The Chair Liberal Bill Casey

Time is up, and that completes our time for our witnesses.

I want to thank you all for your very impressive testimony.

I have a confession to make. When this committee first came together, we decided on the priority issues to deal with, and one of those issues was antimicrobial immunity. I didn't know what they were talking about, so that's how far we have to go with public awareness.

Ms. Nakamachi, you were talking about a kindergarten. Well, you need to educate the other end of the spectrum as well. That's how far we have to go, but this process will help. Things move very incrementally here, but they do work. The system does work, and you are part of it. I want to thank you very much for your contributions, because they were very effective.

That's it.

Dr. Carrie.

12:30 p.m.

Conservative

Colin Carrie Conservative Oshawa, ON

Just before you close the meeting, I notice that we will be going in camera, but as everybody is aware, the cannabis bill has been referred to our committee.

I would say this is one of the most important bills we've had the opportunity to review. There's a lot of interest in it, and I was just wondering if you could explain why we would be going in camera for that explanation and discussion.

12:30 p.m.

Liberal

The Chair Liberal Bill Casey

I can....

Mr. Davies.

12:30 p.m.

NDP

Don Davies NDP Vancouver Kingsway, BC

I'd like to second that. In fact, I pulled the blues and the committee Hansard from Wednesday, February 17, 2016, when we first discussed in this committee when it would be appropriate to go in camera or not. Members may remember that I had a motion that would explicitly say that committee business was conducted in public at this committee other than when we were considering draft reports or when it was necessary to discuss witnesses' evidence or names in a free and open way, or for confidential or personnel matters. I said that the consideration of committee business should always be public.

At that time, Mr. Chair, you very generously reached out and stated your very clear position that this would be the general thrust of this committee. Now, obviously, the general description of the dates and subject of the study on the cannabis bill doesn't fall within any of those parameters where we discussed it would be appropriate to go in camera. I notice that there are members of the media here.
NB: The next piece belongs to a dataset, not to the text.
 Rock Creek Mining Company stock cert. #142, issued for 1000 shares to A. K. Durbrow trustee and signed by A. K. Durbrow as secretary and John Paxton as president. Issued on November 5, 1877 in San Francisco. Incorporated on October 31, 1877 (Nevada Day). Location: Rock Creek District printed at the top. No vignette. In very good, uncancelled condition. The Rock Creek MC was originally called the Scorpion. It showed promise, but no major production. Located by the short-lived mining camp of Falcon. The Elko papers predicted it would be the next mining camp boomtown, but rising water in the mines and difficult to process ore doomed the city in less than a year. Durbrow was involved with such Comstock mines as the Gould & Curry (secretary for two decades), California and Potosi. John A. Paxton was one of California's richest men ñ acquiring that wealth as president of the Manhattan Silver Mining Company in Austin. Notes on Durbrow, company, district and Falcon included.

The cannabis legislation was a major policy during the last federal election, and there should be no reason whatsoever that the public can't listen to our different views on how we choose to engage public input into this committee.
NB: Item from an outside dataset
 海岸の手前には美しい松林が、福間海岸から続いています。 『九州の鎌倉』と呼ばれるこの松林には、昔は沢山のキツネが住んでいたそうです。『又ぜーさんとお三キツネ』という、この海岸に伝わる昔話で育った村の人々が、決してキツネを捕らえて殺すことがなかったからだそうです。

Of course, once we get into the study and discuss the witnesses and who they may be, that of course appropriately would be in camera, but at this point, it's not appropriate to go in camera, and I would ask that this portion of the meeting be public.

12:30 p.m.

Liberal

The Chair Liberal Bill Casey

Before we go any further, the issue is that my agenda for our committee business is the AMR budget first, then the cannabis study, and then the Lyme letter, if we ever get to it. The budget is always done in camera. I was supposed to do it last week, but I let the committee get ahead of me, and we didn't do the budget. We have to do it this week or the witnesses may not get—

12:30 p.m.

NDP

Don Davies NDP Vancouver Kingsway, BC

Mr. Chair, that would be fine if we go in camera for that portion, but I'm suggesting and supporting Dr. Carrie—

12:30 p.m.

Liberal

The Chair Liberal Bill Casey

Mr. Oliver.

12:30 p.m.

Liberal

John Oliver Liberal Oakville, ON

I think it's a really important bill, and I think a lot of Canadians are interested in how the committee handles the bill. I would certainly recommend that we stay open for this piece. As I said, it's important, and Canadians want to see how we're handling it and how the committee will be discussing the bill. It's a major change in many parts of Canadian practice and norms, so I'd recommend as well that we stay open.

12:30 p.m.

Liberal

The Chair Liberal Bill Casey

You're all fighting for the same thing here. It's perfect.

12:30 p.m.

NDP

Don Davies NDP Vancouver Kingsway, BC

Mr. Chairman, we're in violent agreement.